*Exercise goal*
Each entry, as given, must be output unchanged.

*Data records*
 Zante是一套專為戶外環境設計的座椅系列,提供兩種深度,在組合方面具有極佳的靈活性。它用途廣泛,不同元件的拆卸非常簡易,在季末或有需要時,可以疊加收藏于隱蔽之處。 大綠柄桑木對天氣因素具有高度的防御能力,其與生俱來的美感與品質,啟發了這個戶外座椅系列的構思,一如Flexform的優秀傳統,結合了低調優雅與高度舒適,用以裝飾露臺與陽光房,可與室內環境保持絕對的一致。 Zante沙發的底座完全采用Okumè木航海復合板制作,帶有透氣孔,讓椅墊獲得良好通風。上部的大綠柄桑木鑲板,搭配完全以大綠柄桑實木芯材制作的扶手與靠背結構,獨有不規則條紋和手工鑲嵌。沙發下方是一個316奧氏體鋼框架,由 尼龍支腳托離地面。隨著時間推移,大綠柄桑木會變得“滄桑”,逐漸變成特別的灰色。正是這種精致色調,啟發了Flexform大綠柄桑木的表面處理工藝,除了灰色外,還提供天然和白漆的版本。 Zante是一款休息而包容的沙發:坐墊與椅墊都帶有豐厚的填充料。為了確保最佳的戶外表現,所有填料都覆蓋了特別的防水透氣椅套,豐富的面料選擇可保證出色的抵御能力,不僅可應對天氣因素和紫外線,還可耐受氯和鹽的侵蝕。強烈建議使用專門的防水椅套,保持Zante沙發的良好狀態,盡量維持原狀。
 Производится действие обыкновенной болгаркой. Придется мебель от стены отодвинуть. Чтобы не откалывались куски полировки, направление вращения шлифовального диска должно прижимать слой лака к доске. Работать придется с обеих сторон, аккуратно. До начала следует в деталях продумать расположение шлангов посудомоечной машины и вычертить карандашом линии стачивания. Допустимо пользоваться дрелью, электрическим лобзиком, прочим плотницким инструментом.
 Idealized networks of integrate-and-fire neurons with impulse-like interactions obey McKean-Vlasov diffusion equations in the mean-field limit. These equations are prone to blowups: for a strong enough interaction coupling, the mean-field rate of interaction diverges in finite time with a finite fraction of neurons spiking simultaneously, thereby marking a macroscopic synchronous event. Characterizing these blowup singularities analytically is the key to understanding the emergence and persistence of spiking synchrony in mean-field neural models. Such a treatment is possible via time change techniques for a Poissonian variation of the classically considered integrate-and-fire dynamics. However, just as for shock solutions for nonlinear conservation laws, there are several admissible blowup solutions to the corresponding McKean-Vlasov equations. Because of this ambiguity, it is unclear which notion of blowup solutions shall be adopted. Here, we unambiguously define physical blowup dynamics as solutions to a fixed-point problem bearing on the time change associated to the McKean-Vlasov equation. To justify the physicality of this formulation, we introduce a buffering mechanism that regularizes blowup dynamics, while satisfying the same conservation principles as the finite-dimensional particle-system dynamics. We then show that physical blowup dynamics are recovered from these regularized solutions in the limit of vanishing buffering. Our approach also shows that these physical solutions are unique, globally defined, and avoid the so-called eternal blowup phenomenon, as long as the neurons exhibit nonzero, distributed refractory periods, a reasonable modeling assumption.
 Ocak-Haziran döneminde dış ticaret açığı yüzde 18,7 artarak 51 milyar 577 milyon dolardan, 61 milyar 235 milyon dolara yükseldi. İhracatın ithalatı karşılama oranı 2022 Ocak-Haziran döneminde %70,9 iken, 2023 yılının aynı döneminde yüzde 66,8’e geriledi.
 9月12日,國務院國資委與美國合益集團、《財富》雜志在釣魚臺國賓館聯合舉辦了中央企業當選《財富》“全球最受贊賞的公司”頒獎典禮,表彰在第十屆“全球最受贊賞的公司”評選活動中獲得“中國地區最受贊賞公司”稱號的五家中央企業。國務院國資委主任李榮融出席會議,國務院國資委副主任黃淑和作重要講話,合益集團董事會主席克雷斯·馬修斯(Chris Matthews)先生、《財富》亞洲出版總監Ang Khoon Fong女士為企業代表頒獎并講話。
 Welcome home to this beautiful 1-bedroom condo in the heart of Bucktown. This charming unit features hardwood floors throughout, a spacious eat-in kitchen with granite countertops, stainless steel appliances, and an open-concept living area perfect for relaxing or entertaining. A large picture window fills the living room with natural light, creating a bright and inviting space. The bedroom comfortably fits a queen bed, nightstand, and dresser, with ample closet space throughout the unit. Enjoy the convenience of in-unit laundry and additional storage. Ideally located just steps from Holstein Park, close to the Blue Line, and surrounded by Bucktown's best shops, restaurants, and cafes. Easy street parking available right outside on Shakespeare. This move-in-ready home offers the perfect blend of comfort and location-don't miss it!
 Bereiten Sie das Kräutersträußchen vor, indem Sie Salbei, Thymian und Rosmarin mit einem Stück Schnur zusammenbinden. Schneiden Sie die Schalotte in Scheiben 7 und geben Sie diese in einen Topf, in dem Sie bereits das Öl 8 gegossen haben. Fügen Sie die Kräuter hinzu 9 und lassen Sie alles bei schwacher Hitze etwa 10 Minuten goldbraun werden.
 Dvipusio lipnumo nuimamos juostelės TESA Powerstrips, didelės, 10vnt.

*Written solution*
 Zante是一套專為戶外環境設計的座椅系列,提供兩種深度,在組合方面具有極佳的靈活性。它用途廣泛,不同元件的拆卸非常簡易,在季末或有需要時,可以疊加收藏于隱蔽之處。 大綠柄桑木對天氣因素具有高度的防御能力,其與生俱來的美感與品質,啟發了這個戶外座椅系列的構思,一如Flexform的優秀傳統,結合了低調優雅與高度舒適,用以裝飾露臺與陽光房,可與室內環境保持絕對的一致。 Zante沙發的底座完全采用Okumè木航海復合板制作,帶有透氣孔,讓椅墊獲得良好通風。上部的大綠柄桑木鑲板,搭配完全以大綠柄桑實木芯材制作的扶手與靠背結構,獨有不規則條紋和手工鑲嵌。沙發下方是一個316奧氏體鋼框架,由 尼龍支腳托離地面。隨著時間推移,大綠柄桑木會變得“滄桑”,逐漸變成特別的灰色。正是這種精致色調,啟發了Flexform大綠柄桑木的表面處理工藝,除了灰色外,還提供天然和白漆的版本。 Zante是一款休息而包容的沙發:坐墊與椅墊都帶有豐厚的填充料。為了確保最佳的戶外表現,所有填料都覆蓋了特別的防水透氣椅套,豐富的面料選擇可保證出色的抵御能力,不僅可應對天氣因素和紫外線,還可耐受氯和鹽的侵蝕。強烈建議使用專門的防水椅套,保持Zante沙發的良好狀態,盡量維持原狀。
 Производится действие обыкновенной болгаркой. Придется мебель от стены отодвинуть. Чтобы не откалывались куски полировки, направление вращения шлифовального диска должно прижимать слой лака к доске. Работать придется с обеих сторон, аккуратно. До начала следует в деталях продумать расположение шлангов посудомоечной машины и вычертить карандашом линии стачивания. Допустимо пользоваться дрелью, электрическим лобзиком, прочим плотницким инструментом.
 Idealized networks of integrate-and-fire neurons with impulse-like interactions obey McKean-Vlasov diffusion equations in the mean-field limit. These equations are prone to blowups: for a strong enough interaction coupling, the mean-field rate of interaction diverges in finite time with a finite fraction of neurons spiking simultaneously, thereby marking a macroscopic synchronous event. Characterizing these blowup singularities analytically is the key to understanding the emergence and persistence of spiking synchrony in mean-field neural models. Such a treatment is possible via time change techniques for a Poissonian variation of the classically considered integrate-and-fire dynamics. However, just as for shock solutions for nonlinear conservation laws, there are several admissible blowup solutions to the corresponding McKean-Vlasov equations. Because of this ambiguity, it is unclear which notion of blowup solutions shall be adopted. Here, we unambiguously define physical blowup dynamics as solutions to a fixed-point problem bearing on the time change associated to the McKean-Vlasov equation. To justify the physicality of this formulation, we introduce a buffering mechanism that regularizes blowup dynamics, while satisfying the same conservation principles as the finite-dimensional particle-system dynamics. We then show that physical blowup dynamics are recovered from these regularized solutions in the limit of vanishing buffering. Our approach also shows that these physical solutions are unique, globally defined, and avoid the so-called eternal blowup phenomenon, as long as the neurons exhibit nonzero, distributed refractory periods, a reasonable modeling assumption.
 Ocak-Haziran döneminde dış ticaret açığı yüzde 18,7 artarak 51 milyar 577 milyon dolardan, 61 milyar 235 milyon dolara yükseldi. İhracatın ithalatı karşılama oranı 2022 Ocak-Haziran döneminde %70,9 iken, 2023 yılının aynı döneminde yüzde 66,8’e geriledi.
 9月12日,國務院國資委與美國合益集團、《財富》雜志在釣魚臺國賓館聯合舉辦了中央企業當選《財富》“全球最受贊賞的公司”頒獎典禮,表彰在第十屆“全球最受贊賞的公司”評選活動中獲得“中國地區最受贊賞公司”稱號的五家中央企業。國務院國資委主任李榮融出席會議,國務院國資委副主任黃淑和作重要講話,合益集團董事會主席克雷斯·馬修斯(Chris Matthews)先生、《財富》亞洲出版總監Ang Khoon Fong女士為企業代表頒獎并講話。
 Welcome home to this beautiful 1-bedroom condo in the heart of Bucktown. This charming unit features hardwood floors throughout, a spacious eat-in kitchen with granite countertops, stainless steel appliances, and an open-concept living area perfect for relaxing or entertaining. A large picture window fills the living room with natural light, creating a bright and inviting space. The bedroom comfortably fits a queen bed, nightstand, and dresser, with ample closet space throughout the unit. Enjoy the convenience of in-unit laundry and additional storage. Ideally located just steps from Holstein Park, close to the Blue Line, and surrounded by Bucktown's best shops, restaurants, and cafes. Easy street parking available right outside on Shakespeare. This move-in-ready home offers the perfect blend of comfort and location-don't miss it!
 Bereiten Sie das Kräutersträußchen vor, indem Sie Salbei, Thymian und Rosmarin mit einem Stück Schnur zusammenbinden. Schneiden Sie die Schalotte in Scheiben 7 und geben Sie diese in einen Topf, in dem Sie bereits das Öl 8 gegossen haben. Fügen Sie die Kräuter hinzu 9 und lassen Sie alles bei schwacher Hitze etwa 10 Minuten goldbraun werden.
 Dvipusio lipnumo nuimamos juostelės TESA Powerstrips, didelės, 10vnt.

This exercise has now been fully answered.